Hola *w* aviso de que esta no es la historia graciosa y típica de San Valentín a la que os acostumbré, pero últimamente no tengo mucho tiempo para escribir, por lo que hago lo que puedo para escribir el capitulo semanal, sobrevivir y en este caso escribir una historia para un día especial xD espero que os guste igualmente


¿2+2=14?

Capítulo único

La joven de cabellos castaños no podía creer lo que estaba sucediendo, quería gritar de la rabia e incluso llorar si eso ayudase en algo, pero por desgracia no podría arreglar nada.

Hace dos meses que había descubierto del concierto que su grupo favorito daría en Kabuki, como loca había avisado a su mejor amiga de ello y ambas comenzaron a trabajar después de clases para poder pagarse las entradas. No había sido fácil convencer a sus padres de que las dejasen ir a un concierto solas, pero finalmente y con ayuda de la otra lo lograron. No podían estar más felices por ello, así que trabajaron como locas en un restaurante cercano a su instituto como camareras, lo cual fue muy problemático, ya que ambas no eran capaces de controlar sus manos y la mayoría de los platos acababan en el suelo.

Aun así, dieron lo mejor de sí, orgullosas de sí mismas al ver sus dedos llenos de tiritas, pero con el dinero necesario reunido para lograr cumplir sus sueños.

- Vamos a ver a DOES - dijo Kagura en un grito casi histérico por la alegría

- Guarda los gritos para el concierto - bromeó la mayor

Ambas estaban más que felices por el evento, era lo más emocionante que les había pasado a su corta edad y pensaban disfrutar cada momento disponible.

Si no fuese por un pequeño detalle que las llevaba a la actualidad.

- ¡¿No quedan entradas?! - preguntó Kagura horrorizada - ¿Es eso posible? Todo nuestro esfuerzo fue en vano -

Mutsu intentaba recargar la página desde su ordenador, pero el hecho de que las entradas estaban agotadas no cambiaba.
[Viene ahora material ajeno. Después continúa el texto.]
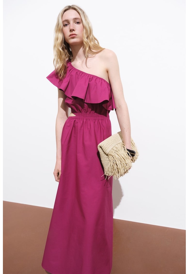 Rochia cu decolteu pe un umăr în nuanțe de roz închis este o alegere ideală pentru zilele călduroase de vară. Construită din bumbac 100%, această rochie oferă nu doar un look stylish, ci și un confort deosebit pe tot parcursul zilei.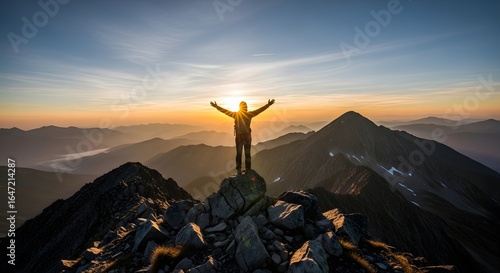 Silhouette of a triumphant person standing on a rocky mountain peak with arms raised at sunset

Harta de todo se dejó caer su cama, reuniendo todo su auto control para no tirar el ordenador por la ventana o gritar hasta quedarse sin voz.

- ¿Qué haremos? - preguntó Kagura desesperada mientras se tiraba de los cabellos

Mutsu no sabía que responder, no estaba segura de cómo darle ánimos a su amiga o a sí misma. O al menos hasta que una idea bastante estúpida se instaló en su cabeza.

- ¿En los conciertos revenden entradas? - preguntó la mayor

Kagura pereció ser por primera vez la voz de la razón.

- Apenas podíamos permitirnos las entradas normales, ¿Cómo debemos pagar unas al doble de precio? - preguntó la menor

Aunque le doliese admitirlo, la menor tenía toda la razón.

- ¿Y si... nos colamos? - preguntó Mutsu mientras se mordía el labio avergonzada

Kagura la miró sorprendida, su amiga no podía estar diciendo aquellas palabras.

- ¿Qué le hiciste a mi amiga aburrida y buena? - preguntó Kagura con miedo

- ¿Quieres ir al concierto o no? - preguntó Mutsu molesta por ser llamada aburrida

No hizo falta respuesta alguna.

Dos días más tarde, las jóvenes estaban preparadas para la tarea más difícil de sus vidas, colarse en un concierto y no morir en el intento, o ser pilladas que podía ser mucho peor.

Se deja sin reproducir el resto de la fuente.